Georgia is still playing without star receivers George Pickens (ACL) and Dominick Blaylock (knee, hamstring). There is a chance neither could return this year. But, Smart said, “we’re working to get those guys back.”
The Bulldogs know they’ll need all the firepower they can muster heading to Knoxville this Saturday for the SEC finale against Tennessee (3:30 p.m., CBS). The Vols (5-4, 3-3 SEC) come in averaging 38.2 points per game, which just two-tenths of a point less than Georgia.

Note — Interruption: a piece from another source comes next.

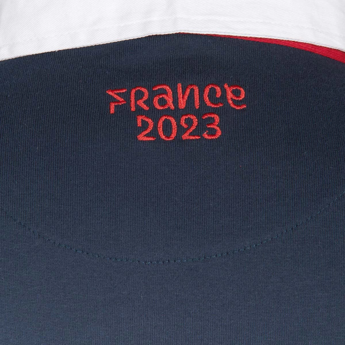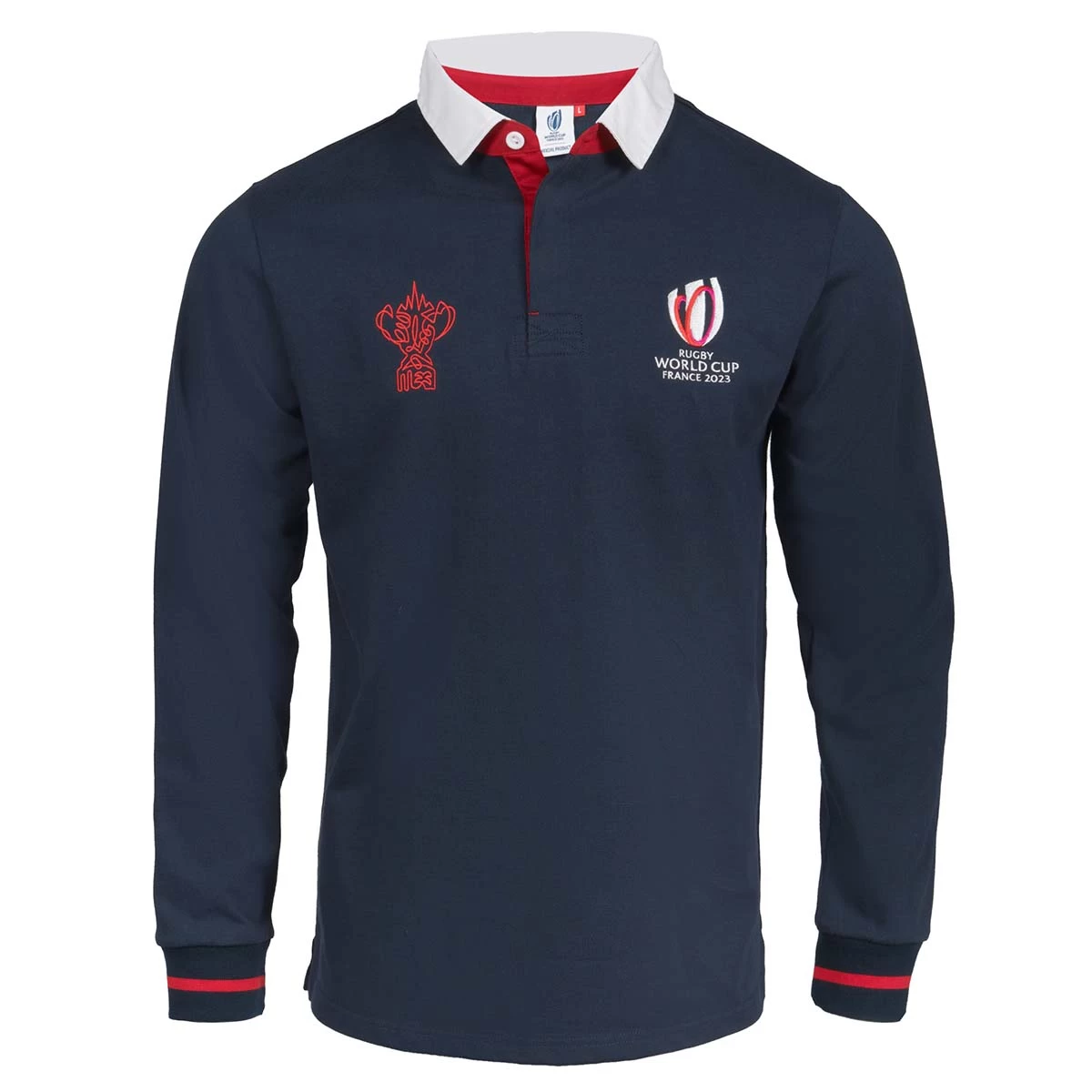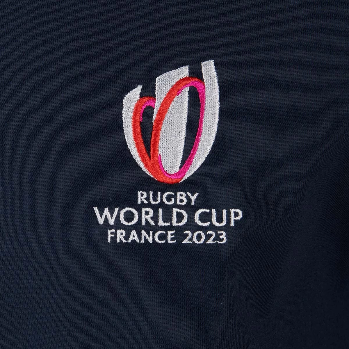 In a classy navy design, the RWC 2023 logo and Webb Ellis Cup have been embroidered onto the upper chest of this supporters rugby jersey.

Tennessee has been particularly explosive in their victories, averaging 49.2 points. Those include this past Saturday’s 45-42 win over Kentucky in Lexington. Georgia beat the Wildcats 30-13 in Athens on Oct. 16.

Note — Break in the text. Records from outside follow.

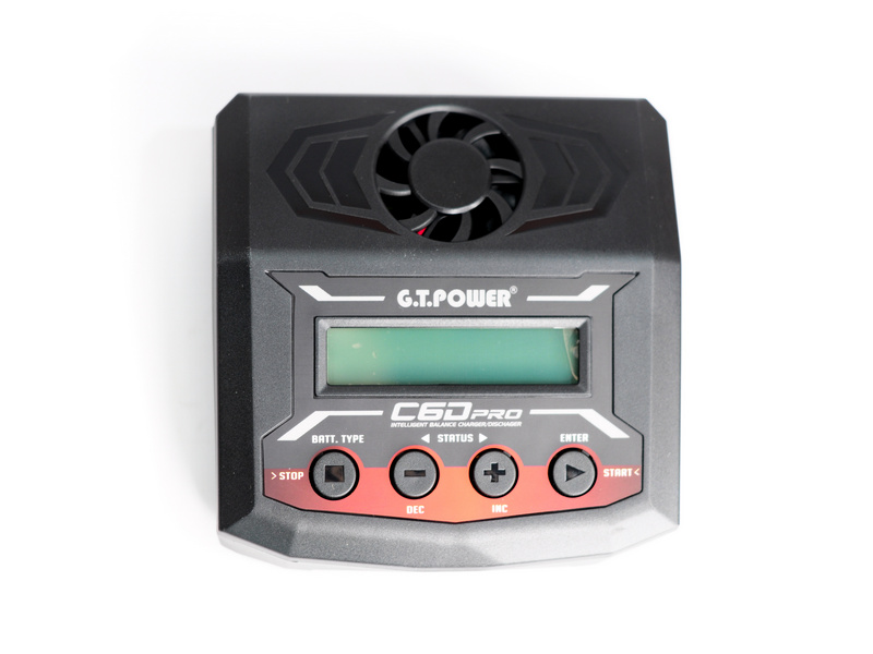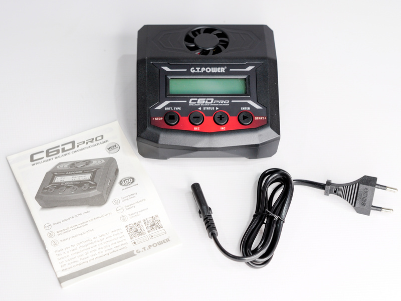 Универсальное зарядное устройство G.T.Power C6PRO Dual Power. Оснащено встроенным блоком питания, который имеет возможность работать от 220В и от аккумуляторной батареи 11-26В. Это позволяет использовать зарядное устройство в полевых условиях.
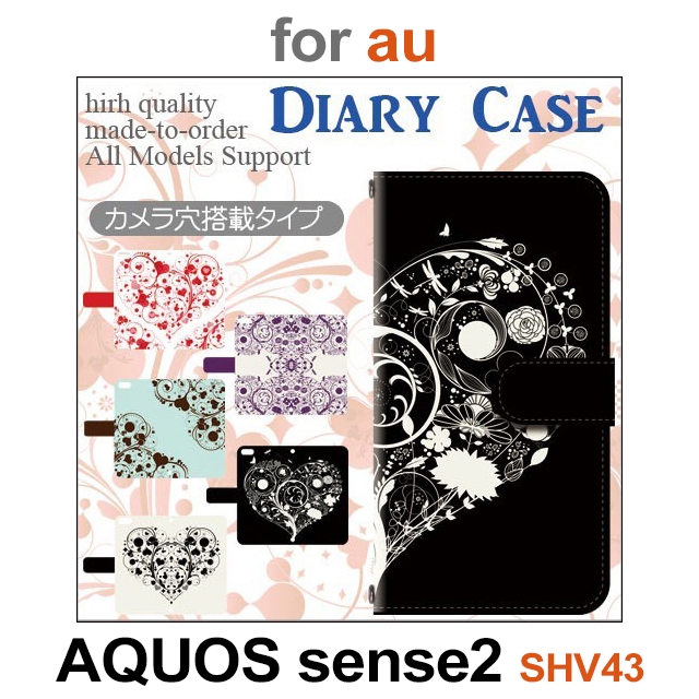 SHV43 ケース カバー スマホ 手帳型 au AQUOS sense2 ハート dc-179
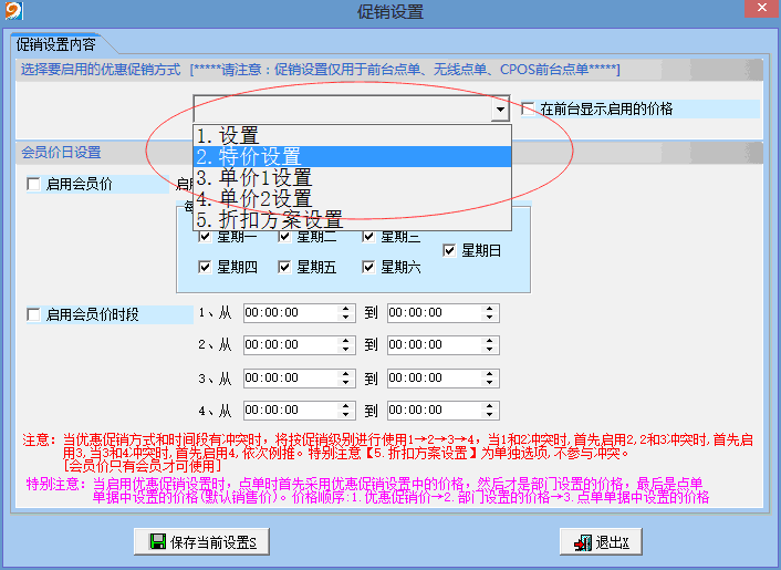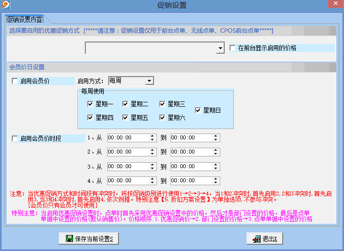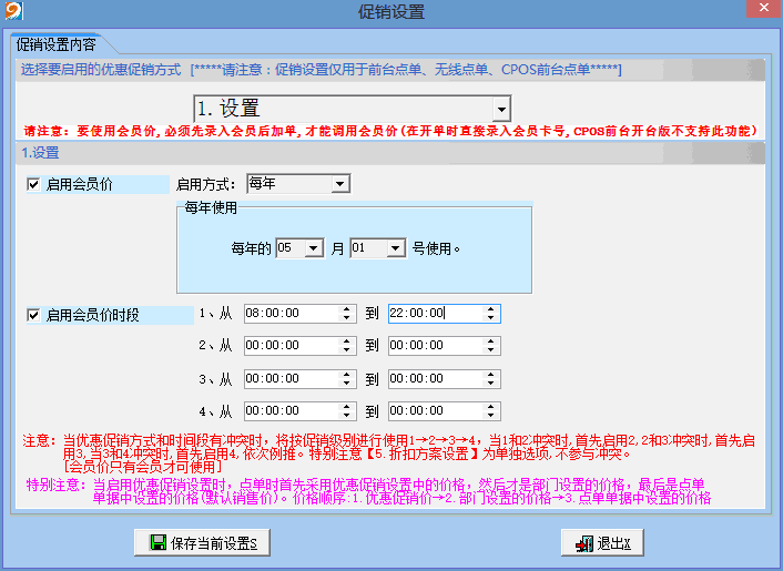 注:当优惠促销方式与时间段有冲突时,将按促销级别进行使用1→2→3→4,当1和2冲突时,首先启用2,2和3冲突时,首先启用3,当3和4冲突时,首先启用4,依次类推。特别注意[5.折扣方案设置]为单独选项,不参与冲突。

The Bulldogs had to turn to their passing attack this past Saturday when Missouri loaded up to stuff the run. Quarterbacks Stetson Bennett and JT Daniels completed 20 passes to 11 different receivers. Their completions averaged 16.9 yards.
“You hope to be just as good throwing the ball as running the ball, so they have to pick their poison,” said Bennett, who had 255 yards and 2 TDs on 13 of-19 passing. “If (defenses) go all out to stop one, the other one’s going to bite them.”
Burton and Rosemy-Jacksaint, former starters both, have played sporadically throughout the season due to chronic injuries. Burton has been battling hamstring and groin pulls. Rosemy-Jacksaint has yet to fully recover from an ankle fracture/dislocation that occurred last season.
Smith missed five games in a row with a nasty lower-leg bruise before returning for spot duty against Florida. Saturday was the first time he was able to return to the receiver rotation.
Smith is gives Georgia a different level of speed at receiver. He ran the lead-off leg for Georgia’s NCAA finalist 4x100-meter relay team. He’s been timed at 10.18 in the 100 meters. Or, as Bennett says, “he’s stupid fast.”
Burton is not quite as fast but has good speed and exceptional pass-catching skills. Rosemy-Jacksaint has big, strong hands and specializes in catching hard throws in tight coverage.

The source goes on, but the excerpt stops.